Regular heath checks are also advisable, this is when nails can be cut, teeth can be trimmed and general health can be monitored.
Regular checks at home are also advisable to check teeth and nails are not overly long, monitor weight and check for any parasite infestations, eg mites, flystrike. Flystrike is particularly common in the summer and rabbits should be checked at least once or twice a day.
For further information about the Animal Welfare Act visit:

DEFRA - Defra, UK - Animal Health and Welfare - Animal Welfare - Animal Welfare Bill
The Office of Public Sector Information - Animal Welfare Act 2006 (c. 45) *

Also, if you were looking to rehome him here is a great forum that can help you find a home for him:
Rabbits United Forum - Powered by vBulletin

Hope this helps x


----------



## serz (Aug 26, 2008)

Thanks that does help. Made me feel guilty tho now that i am keeping him in inadiquate size cage  dont get me wrong when Other half is in work i do get him out and he does play round ect and when the weathers good enough hes out having full run of the garden (supervised of course). But i still think hed be happier somewere were he can be in the house all day if possible. 
Would anyone be intrested in him with his hucth ect and an indoor cage? A forver home only tho


----------



## Guest (Oct 9, 2008)

I don't think your hutch size is inadequate at all. He has access to both hutches? Top and bottom? If so that's 2 4' hutches and then you are going to attach the run on top of that space. I think that's adequate for 1 bunny by himself. Bunnies do like to have company, is there any way you can rescue a spayed female for him to love? He won't notice the lack of attention from you guys as much if he has a friend.

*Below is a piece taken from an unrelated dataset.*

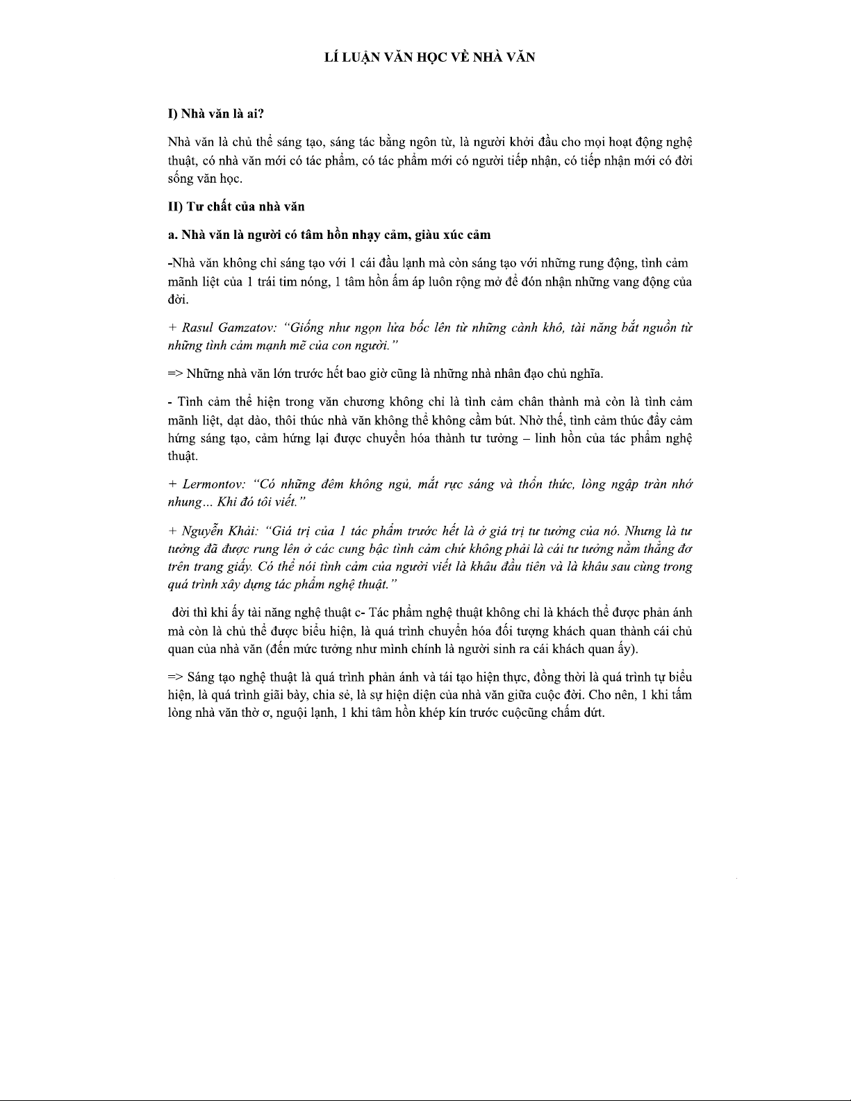 LÍ LUẬN VĂN HỌC VỀ NHÀ VĂN: ĐẶC ĐIỂM VÀ VAI TRÒ CỦA HỌ

Where abouts are you located?


----------



## serz (Aug 26, 2008)

Yeah he does have access to both hutches. the top one and the bottom one. I wouldnt really want to get him another friend as then it will be 2 that i cant really have in the house much. I would rather rehome my little boy somewere that had a female or were he would be getting a lot of attention. 
I live in wirral but could maybe deliver to the right home


----------



## Guest (Oct 9, 2008)

I'd looooove him but I can't have a house bunny as I have a dog that chases.

I hope you find him a lovely home. I'll ask around my friends just in case


----------



## serz (Aug 26, 2008)

thanks hun. he doesnt have to be a house bunny he is outside at the moment i only have an indoor hutch spare just incase the weather gets that bad i have to bring him in or illness ect. Just someone who will be able to give him more cuddles. Thanks for asking around for me  appreciate it


----------



## Aud's_Mum (Aug 4, 2008)

serz said:


> Thanks that does help. Made me feel guilty tho now that i am keeping him in inadiquate size cage  dont get me wrong when Other half is in work i do get him out and he does play round ect and when the weathers good enough hes out having full run of the garden (supervised of course). But i still think hed be happier somewere were he can be in the house all day if possible.
> Would anyone be intrested in him with his hucth ect and an indoor cage? A forver home only tho


Aww dont feel bad - your bunny is obviously well loved  Its just that with him being a big bunny he could probably do with a bit more room.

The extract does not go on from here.